Your objective =>
Exactly as they stand, repeat the lines from the one containing "こちらの猫さんもちょっぴり変わったものに興味津々。" through the final line of the listing, both ends included, and nothing else; skip the pictures.

Material provided =>
- - -
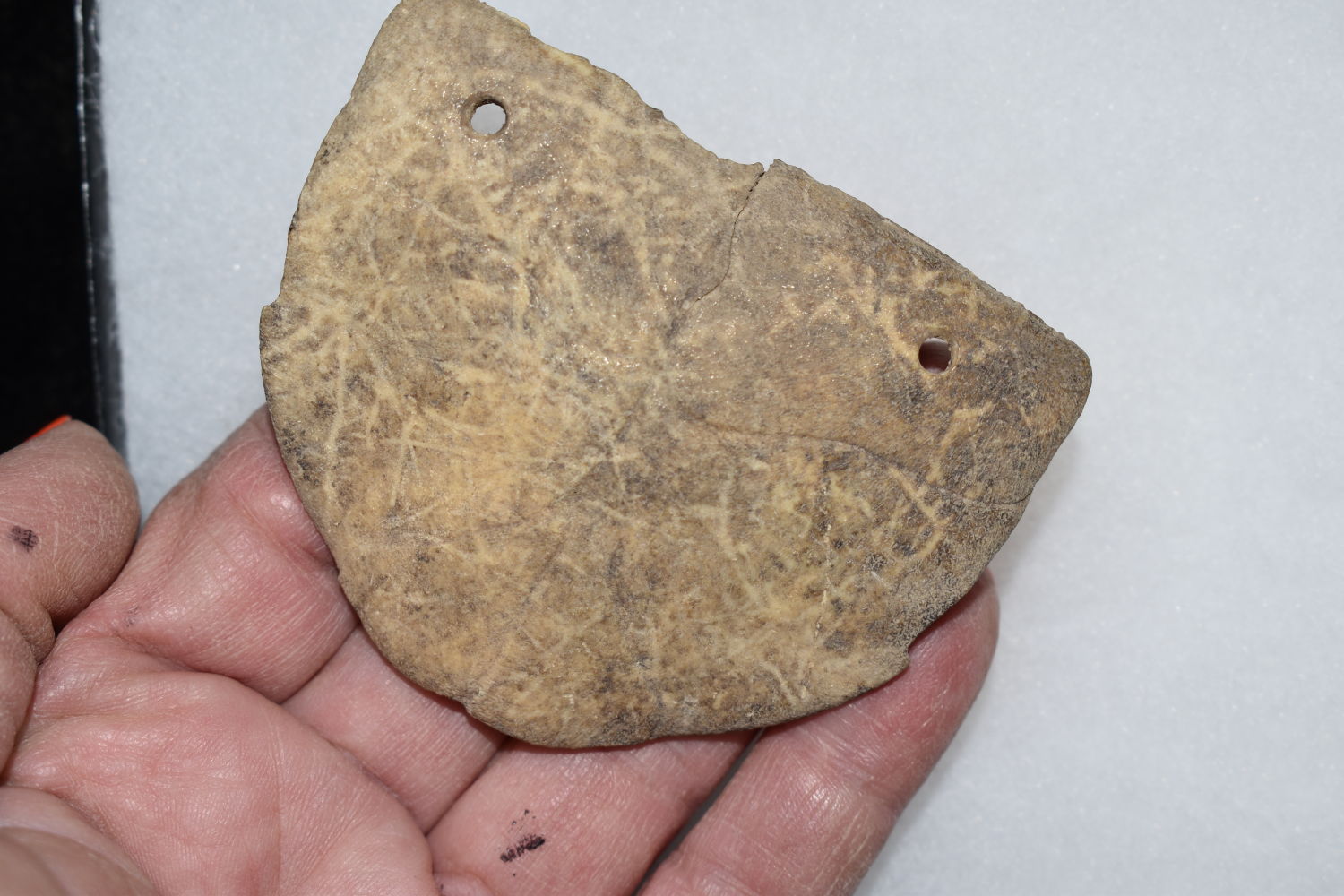 RARE BONE GORGET FOUND FOUND BY MARVIN MCKINNEY IN GRAVES COUNTY KENTUCKY, INDIAN ARROWHEAD
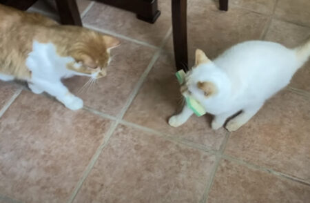 こちらの猫さんもちょっぴり変わったものに興味津々。
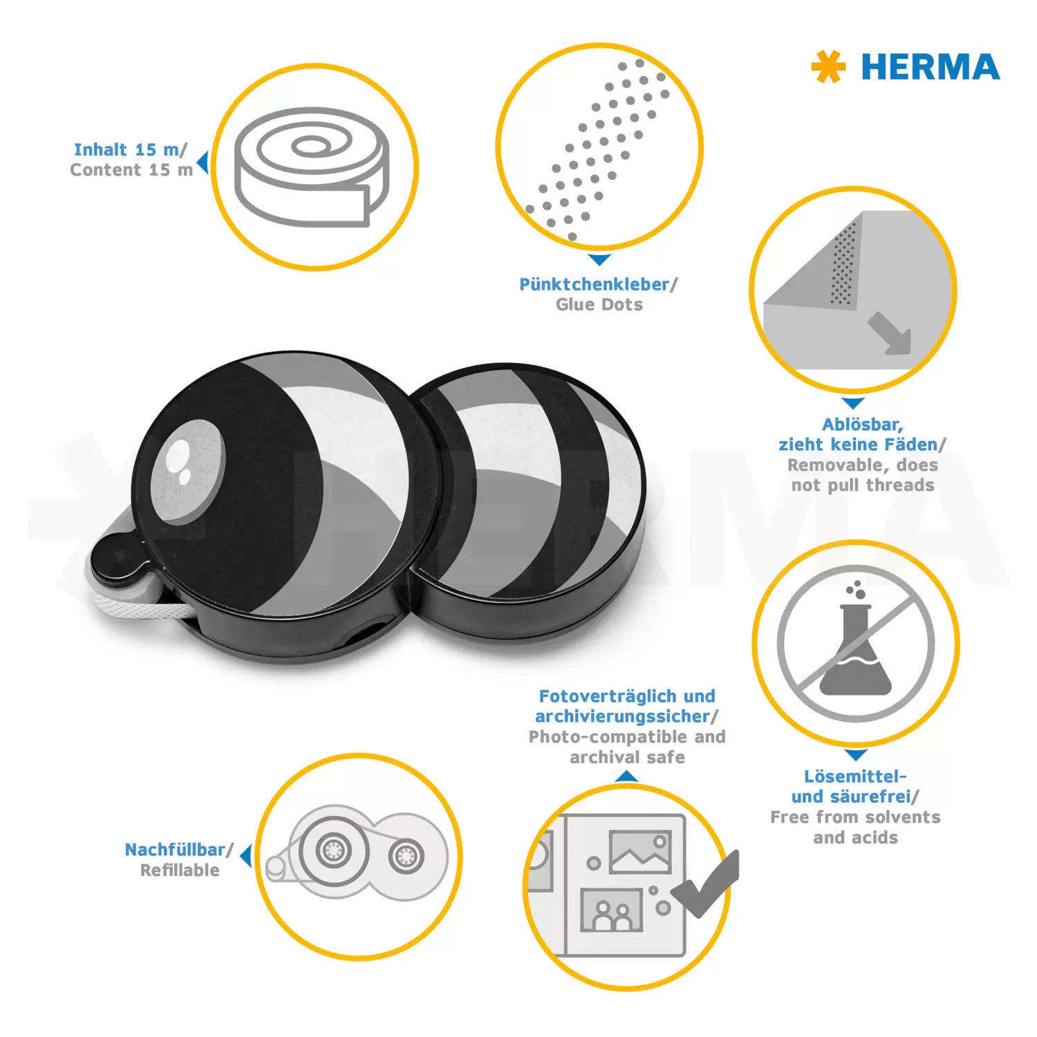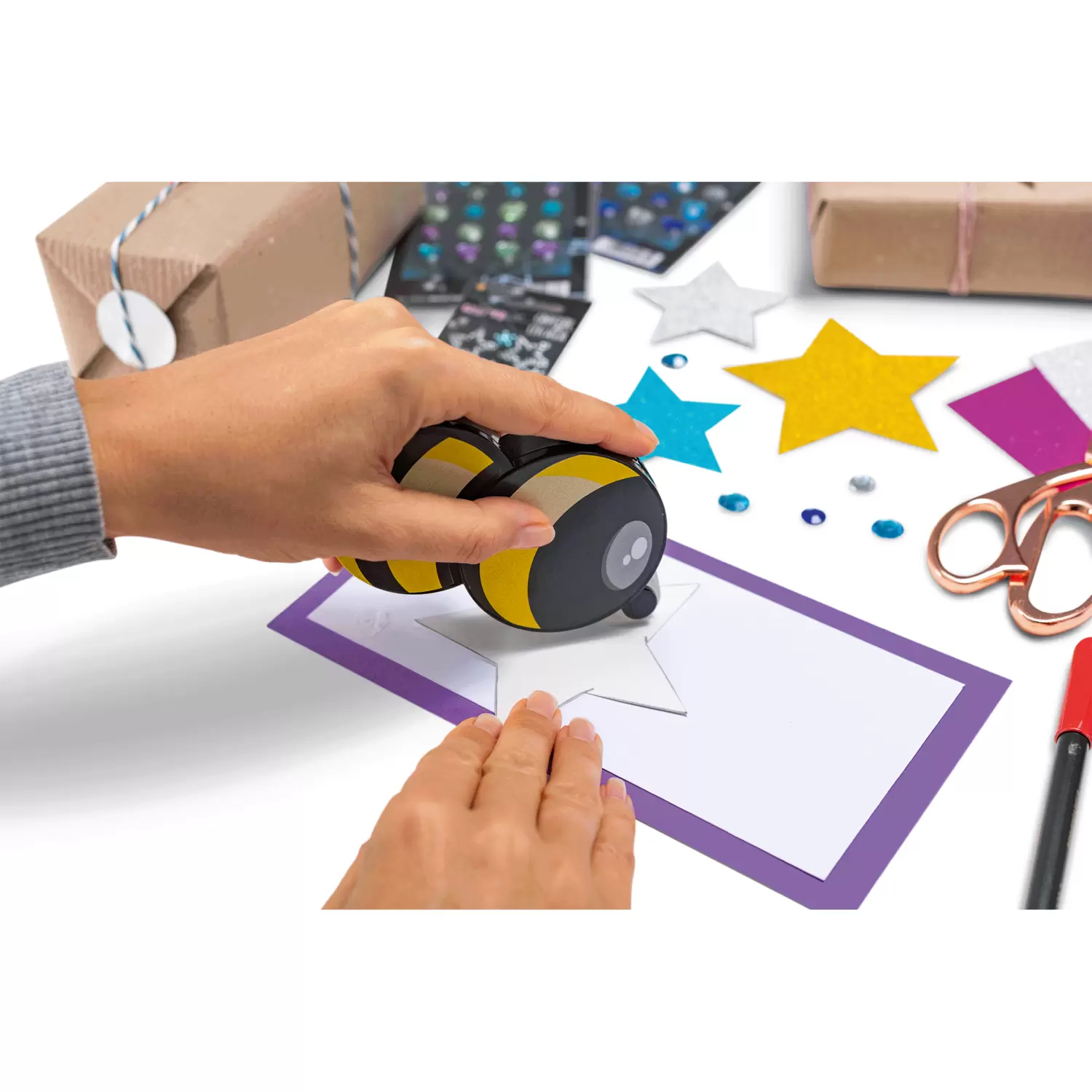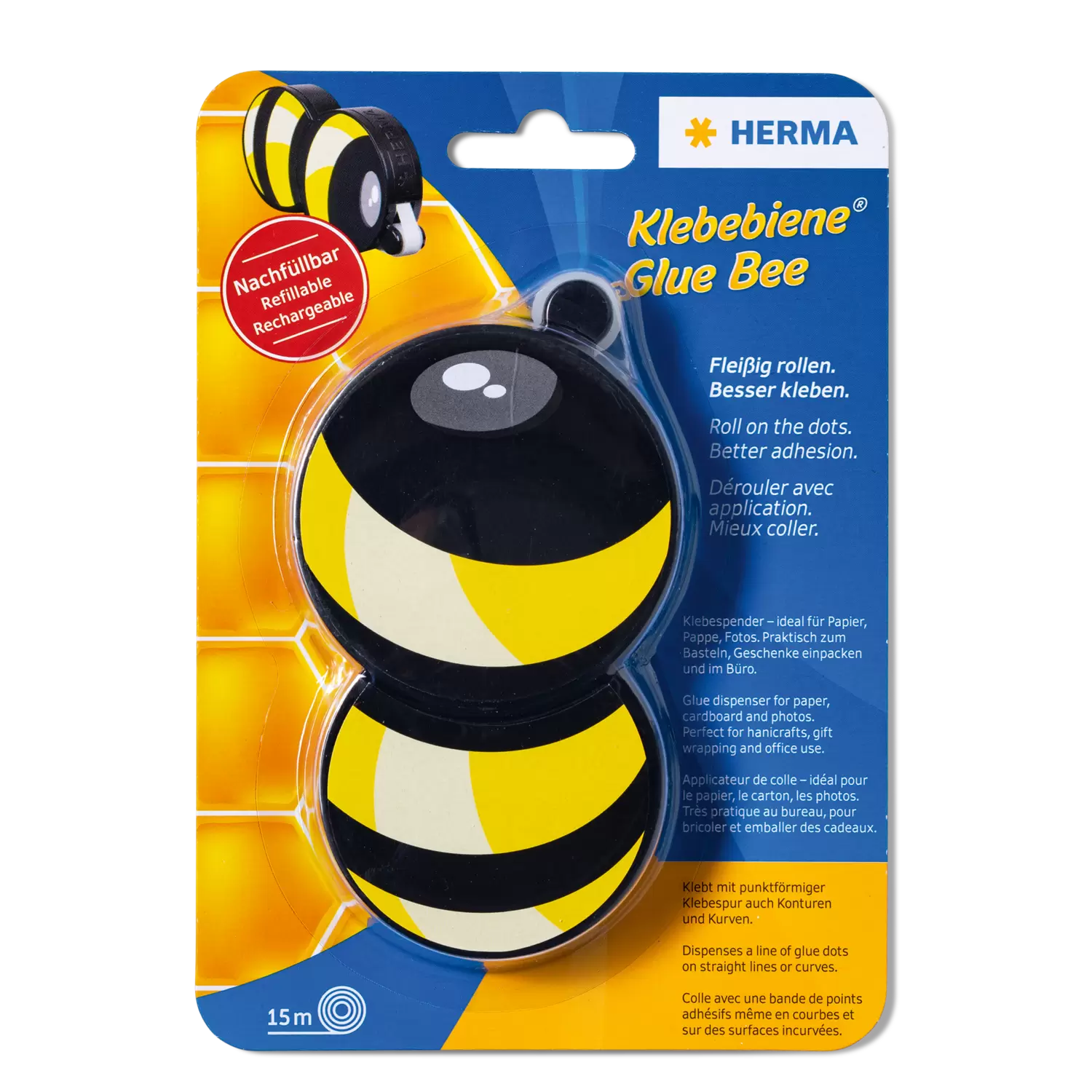 Die HERMA Klebebiene, ablösbar ist die schnelle und einfache kindgerechte Klebelösung für alle kleinen und großen Klebespzialisten. So können auch kleine Kinderhände sauber und präzise auf Papier, Pappe und vielen weiteren Materialien nach Herzenslust Kleben. Die süßen Klebespender im niedlichen Bienen-Design lassen sich mit einer Hand bedienen und sind dank der praktischen Nachfüllrolle stets einsatzbereit, auch für Linkshänder. Verklebt? Kein Problem – der Klebestreifen härtet nicht aus und lässt so das Repositionieren zu. Die Reste des Klebestreifens lassen sich leicht mit den Fingern abrubbeln. Der transparente 9 mm breite Klebestreifen ist lösemittel- und säurefrei, dabei fotoverträglich und archivierungsbeständig. Durch das Abrollen werden kleine Klebepunkte aufgetragen, somit ist sicherer Halt garantiert.
- - -
Answer =>
 こちらの猫さんもちょっぴり変わったものに興味津々。
 Die HERMA Klebebiene, ablösbar ist die schnelle und einfache kindgerechte Klebelösung für alle kleinen und großen Klebespzialisten. So können auch kleine Kinderhände sauber und präzise auf Papier, Pappe und vielen weiteren Materialien nach Herzenslust Kleben. Die süßen Klebespender im niedlichen Bienen-Design lassen sich mit einer Hand bedienen und sind dank der praktischen Nachfüllrolle stets einsatzbereit, auch für Linkshänder. Verklebt? Kein Problem – der Klebestreifen härtet nicht aus und lässt so das Repositionieren zu. Die Reste des Klebestreifens lassen sich leicht mit den Fingern abrubbeln. Der transparente 9 mm breite Klebestreifen ist lösemittel- und säurefrei, dabei fotoverträglich und archivierungsbeständig. Durch das Abrollen werden kleine Klebepunkte aufgetragen, somit ist sicherer Halt garantiert.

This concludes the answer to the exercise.